The field of human ecology has been a sociological discipline for more than half a century. Focusing on the interrelations on human beings with their physical space, it emphases the systemic nature of all human behaviour.
Simon Walker began working on a specific theory of human interaction and behaviour in the late 1990's. whilst studying at Oxford. He came to call this 'Human Ecology theory'.
Human Ecology theory is a coherent, comprehensive model of human behaviour which is based on an analysis of the social space that exists between people.
The following is taken from 'A Brief Introduction to the Theory of Human Ecology' (Simon P. Walker, 200- available for purchase in Publications).
"Human Ecology is a theory about human behaviour. It is based upon the premise that, just like other species, human populations have to negotiate how to share space with others. The task of managing these boundaries, gaps, encounters and relationships between individuals, groups and populations is what determines the ostensible behaviour of those same organisms.

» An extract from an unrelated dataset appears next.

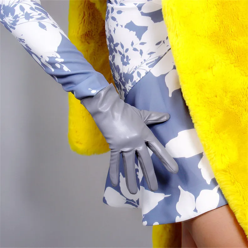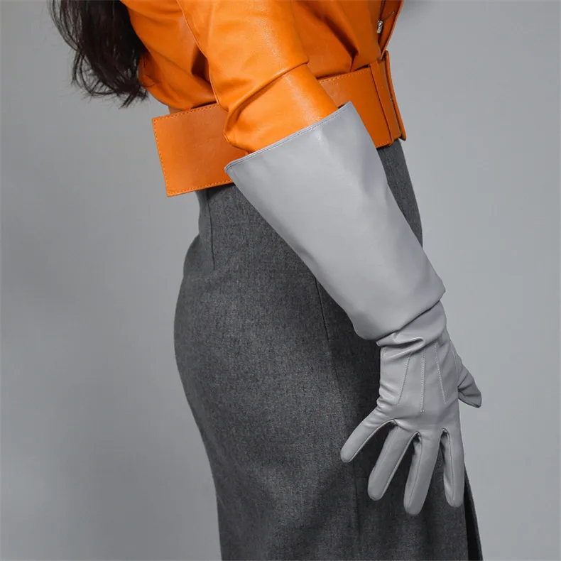 Длинные кожаные перчатки женские, 50 см, свободные, с большим рукав...

Human Ecology acknowledges the influence of genes on the overall capacity of human beings to behave in certain ways. However, it does not itself look to isolate the differential contributions of genes or environment (which are often impossible to tease out). Instead, it looks at the influences of how space has been, and is inhabited by that individual or group, and what effect that space has had on the individuals concerned.
Human Ecology is a theory that claims to be based on simple common sense. It takes the normal, everyday routines and tasks that we as human beings have to engage in and suggest that at a psychological level, the same tasks are required to be fulfilled.
For example, in your own garden at home (if you have one), you have to negotiate how that space is defined: How to do you mark out its boundary? How do you define that it is yours? How do you resolve disputes with your neighbour? How is it designed to create privacy but also allow relationship etc.
A human self has much the same set of tasks to fulfil on a daily basis. The space that the self inhabits is more than simple physical space; it is psychological space. Imagine for a moment that the self is a ‘landscape’. Each of us inhabits a landscape- with its own features, scale, dimensions etc. My landscape is different from yours and I meet you by coming into your landscape, and you coming into mine. This landscape is both physical (you might come to my house) but it is also non-physical (you come into my landscape when I meet you on the bus, by the photocopier, riding a bike). I carry my landscape around with me; or perhaps better, my landscape is my ‘place in the world.’
The theory of Human Ecology suggest that there are seven basic tasks that all of us, everyone, has to engage in to manage their landscape. These seven tasks are self evident:
Task 1. I must define my limits- where I end and where you begin? (Self Definition)
Task 2. I must negotiate confrontation- what happens when I transgress your space or you mine? (Responsiveness)
Task 3. I must develop the way my landscape reveals me- how am I going to be seen by passers by or intimate friends? (Self-Presentation)
Task 4. I must choose whether I am happy with my landscape or if I want to enlarge it, or contract it. (Self-Expansion)
Task 5. I must work out how I am going to get tasks done in my landscape. (Logic)
Task 6. I must decide how much proximity, or intimacy I want with people who enter my landscape. (Empathy)
Task 7. I must exert a degree of control over my landscape. (Control)
One needs to fulfil these seven tasks in relation to any physical space- a garden, office, house, school etc. They are basic to how space, any space, must be stewarded. Our psycho-social space as human beings is no different.
One of the most important ideas in Human Ecology Theory is that social space, be it in a family, or team or entire society, can be modelled along similar parameters. This is referred to as levels of granularity in the theory:
Levels of Granularity
The rules that determine how space is defined are consistent whatever the size and scale of that space. A small garden has the same basic parameters of operation as a city park; each has a boundary, must distinguish between itself and the outside world, must manage change, negotiate conflict etc. The seven tasks that are relevant to a person’s ecological space should therefore also be true for other levels of space- a team’s space for example, or an organisation’s space.
In fact, Human Ecology theory asserts that you can apply the same parameters to any kind of human space and that the dimensions remain true and firm. Take any single dimension or task, and apply it to any social or political entity and it has validity. Think, for example, of how an organisation has a front stage and a back stage- one self it presents to the world and one that it keeps reserved. Or how a country must negotiate its borders with its neighbours, or a company must decide the extent to which it wants to expand its boundaries or to consolidate them.
This reality gives the dimensions of Human Ecology as a universal application. They can be used to analyse any situation and context- a family in Dubai, an individual in Doha, a global firm from Detroit. In this way, the language that one uses to open up the landscape of an individual can be consistent with the language used to describe a society. The language of space holds true across all contexts.